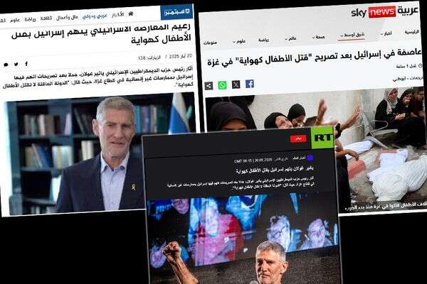 הצהרותיו החריפות של יאיר גולן, יו"ר מפלגת הדמוקרטים, עוררו הבוקר (שלישי) סערה נרחבת גם בתקשורת הערבית. גולן אמר בריאיון לרדיו "כאן רשת ב'" כי "מדינה שפויה לא הורגת ילדים כתחביב", והזהיר שישראל עלולה להפוך ל"מדינה מנודה בין האומות", בדומה לדרום אפריקה בתקופת האפרטהייד. לדבריו, הממשלה הנוכחית "מלאה באנשים מונעי נקמה, חסרי מוסר וחסרי יכולת", ומהווה איום של ממש על עצם קיומה של המדינה.
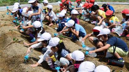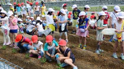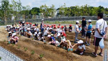 本校の最寄り駅である二子玉川駅の近くに、4月末にオープンした大型商業施設の屋上に、菜園ができました。本校はその一部を借り受けて、栽培活動をすることになり、18日(月)、2年生が屋上菜園に赴いて、植えた苗の世話をしました。この日は、菜園の見学も兼ねて、事前に担任が菜園に出かけて植え付けておいたサツマイモと落花生の苗に水やり作業をしました。学校の敷地内にある学級園は狭いため、2年生は鉢でミニトマトを育てていますが、貸していただくことになった菜園は広く、子どもたちものびのびと活動できました。
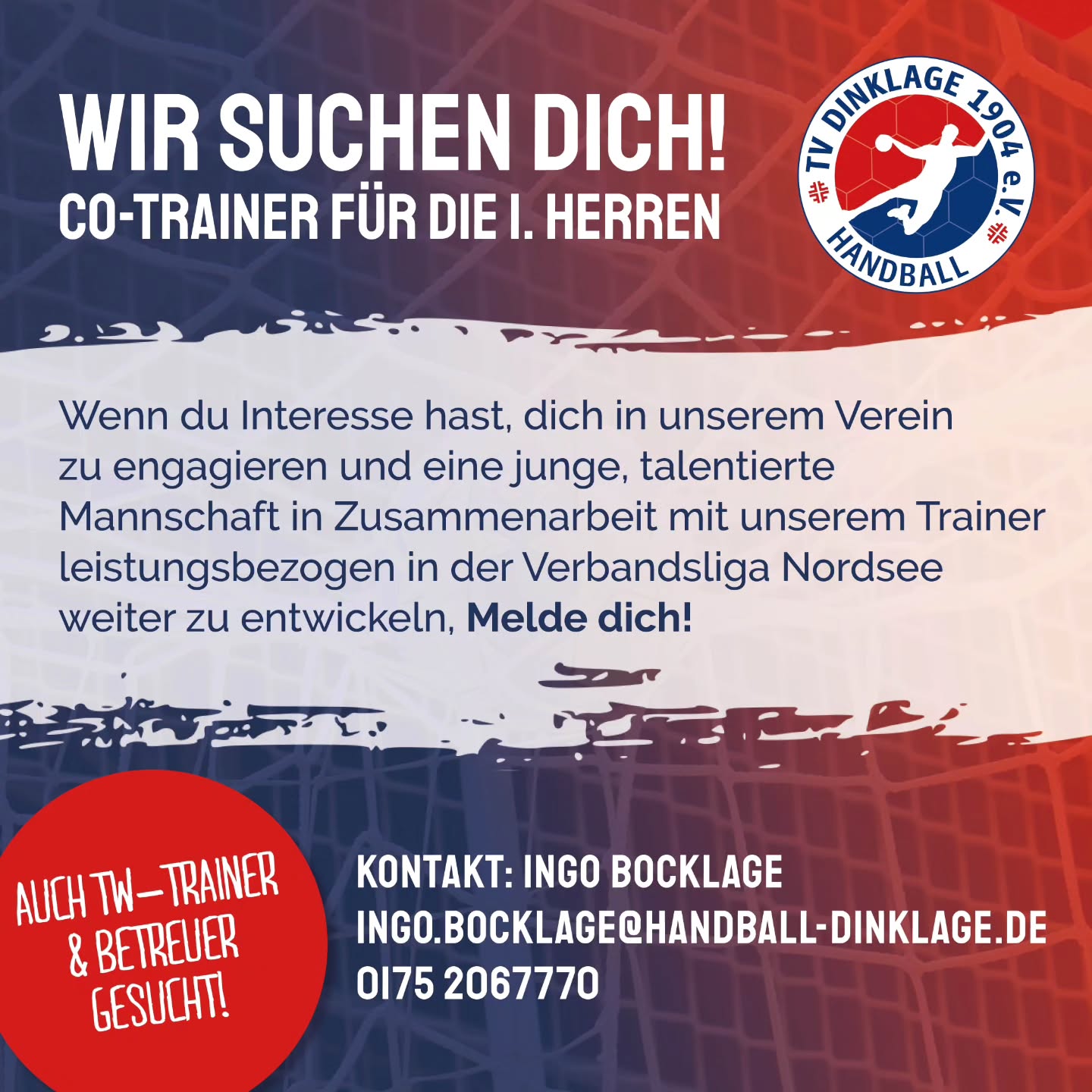 Für das Aushängeschild unserer Abteilung und den amtierenden Meister der Landesliga West, suchen wir Verstärkung in unserem Trainerteam. Wenn du dir vorstellen könntest unsere 1. Herren in der kommenden Saison als TW-Trainer, Betreuer oder Co-Trainer an der Seite von unserem Trainer Markus Gabler in der Verbandsliga Nordsee zu unterstützen, melde dich gern bei unserem Abteilungsleiter. Wir heißen dich in der großen TVD-Familie willkommen und freuen uns auf jeden neuen Input für unsere Abteilung und unsere 1. Herren.

—————

TASK TO CARRY OUT:
Retype only the lines from the line with "本校の最寄り駅である二子玉川" through the last line of the data. Keep both ends and skip the pictures.

RESPONSE TO THIS EXERCISE:
 本校の最寄り駅である二子玉川駅の近くに、4月末にオープンした大型商業施設の屋上に、菜園ができました。本校はその一部を借り受けて、栽培活動をすることになり、18日(月)、2年生が屋上菜園に赴いて、植えた苗の世話をしました。この日は、菜園の見学も兼ねて、事前に担任が菜園に出かけて植え付けておいたサツマイモと落花生の苗に水やり作業をしました。学校の敷地内にある学級園は狭いため、2年生は鉢でミニトマトを育てていますが、貸していただくことになった菜園は広く、子どもたちものびのびと活動できました。
 Für das Aushängeschild unserer Abteilung und den amtierenden Meister der Landesliga West, suchen wir Verstärkung in unserem Trainerteam. Wenn du dir vorstellen könntest unsere 1. Herren in der kommenden Saison als TW-Trainer, Betreuer oder Co-Trainer an der Seite von unserem Trainer Markus Gabler in der Verbandsliga Nordsee zu unterstützen, melde dich gern bei unserem Abteilungsleiter. Wir heißen dich in der großen TVD-Familie willkommen und freuen uns auf jeden neuen Input für unsere Abteilung und unsere 1. Herren.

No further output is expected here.